▸ **About this task**
Give back exactly the lines that start at the one containing "香辣红子鸽拌面,胡麻油煸炒鲜" and run to the end of the material, leaving out the pictures.

▸ **Supplied records**
*** Begin section ***
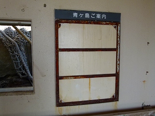 内部にはかつてここが青ヶ島の玄関口であったことを示す掲示板の跡が。そして勝手知ったる感じで屋上に上がってみると‥嗚呼。
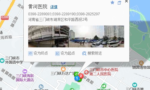 三門峽站160米向西南步行 到 火車站9站乘 1路 (陜州公園方向) 到 市二中440米向西南步行 到 黃河醫(yī)院
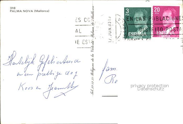 old postcard Palma Nova Mallorca Strand Panorama Kueste postalisch gelaufen Erhaltung siehe scans
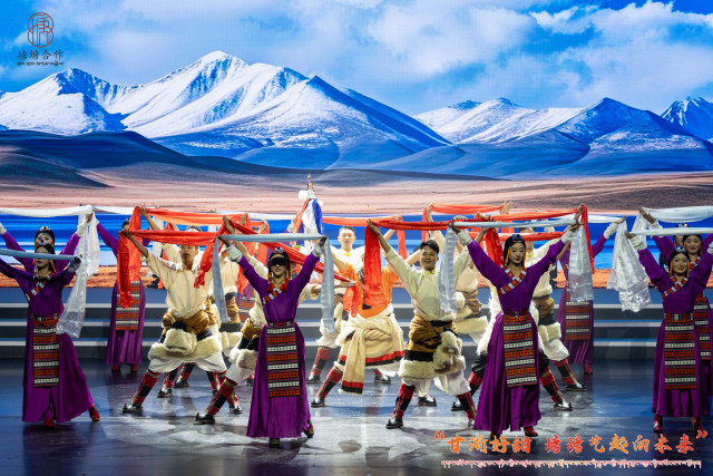 演出高潮迭起。理塘《草原动态》的豪迈奔放与杭州《风雅钱塘》的温婉灵动相映成趣;藏戏的浑厚雄浑与越剧的细腻婉转同台竞艳。藏族长袖与江南采茶在舞台上翩跹共舞,两种文化水乳交融,赢得满堂喝彩。
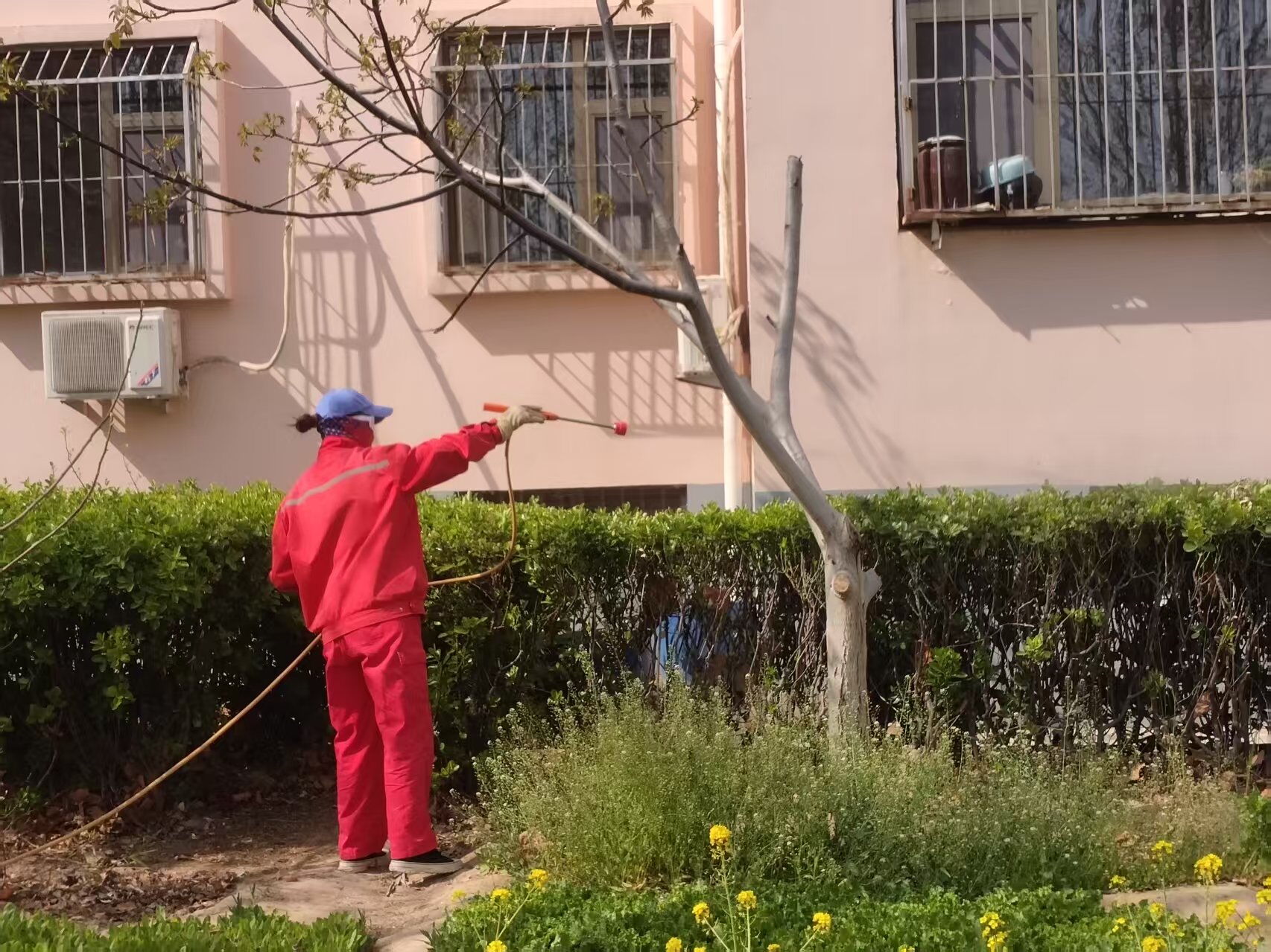 随着气温逐渐升高,小区内虫害开始出现特别是绿化带内冬青较多,为了有效防治虫害保证绿植的健康生长,滨州分公司建翔项目早计划、早部署、早行动对小区绿化带冬青打药预防虫害。
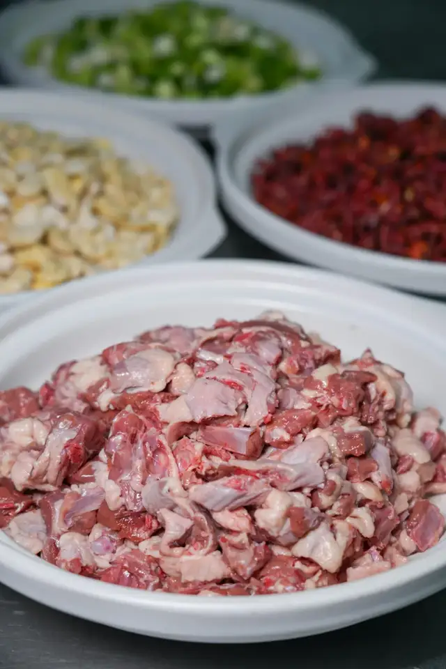 香辣红子鸽拌面,胡麻油煸炒鲜乳鸽,加四川的川椒,本地的线椒,加蒜苗,就着一份面。
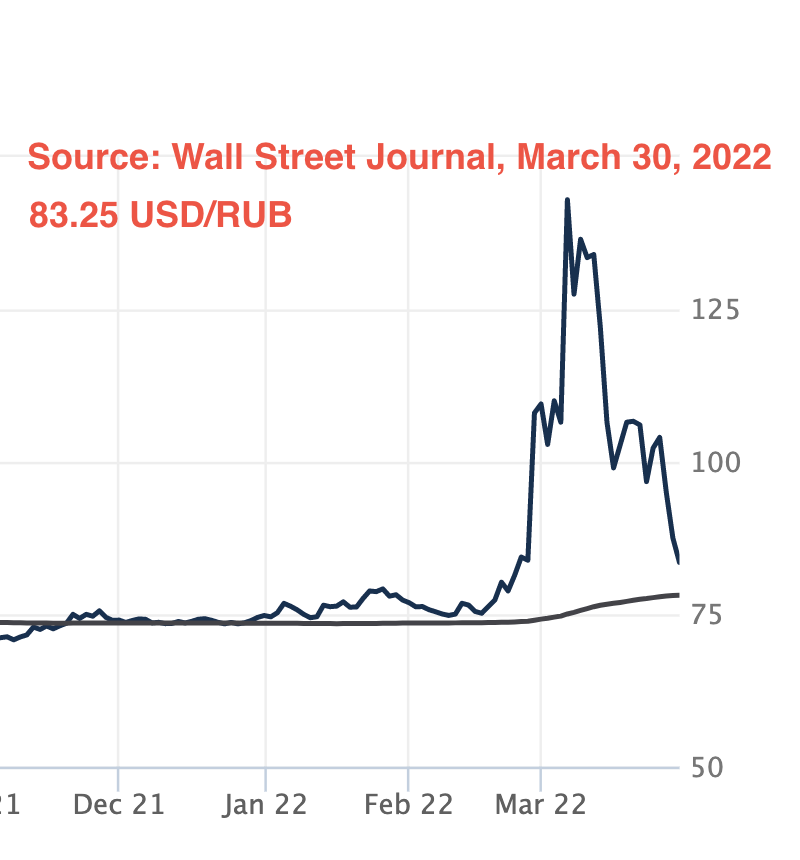 Derweil ist der Rubelkurs fast wieder auf Vorkriegsniveau (credit @simon_jaeger).
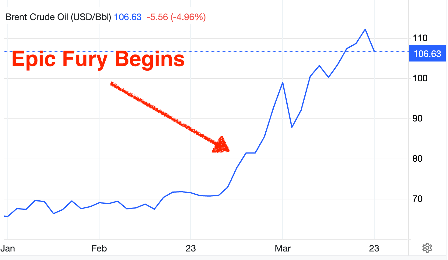 On January 1 of this year, Brent crude oil traded for $60 per barrel. The first trading day after Operation Epic Fury was launched in Iran, it rose to $82. By this past weekend, it peaked at $113.
*** End section ***
▸ **Reply to the exercise**
 香辣红子鸽拌面,胡麻油煸炒鲜乳鸽,加四川的川椒,本地的线椒,加蒜苗,就着一份面。
 Derweil ist der Rubelkurs fast wieder auf Vorkriegsniveau (credit @simon_jaeger).
 On January 1 of this year, Brent crude oil traded for $60 per barrel. The first trading day after Operation Epic Fury was launched in Iran, it rose to $82. By this past weekend, it peaked at $113.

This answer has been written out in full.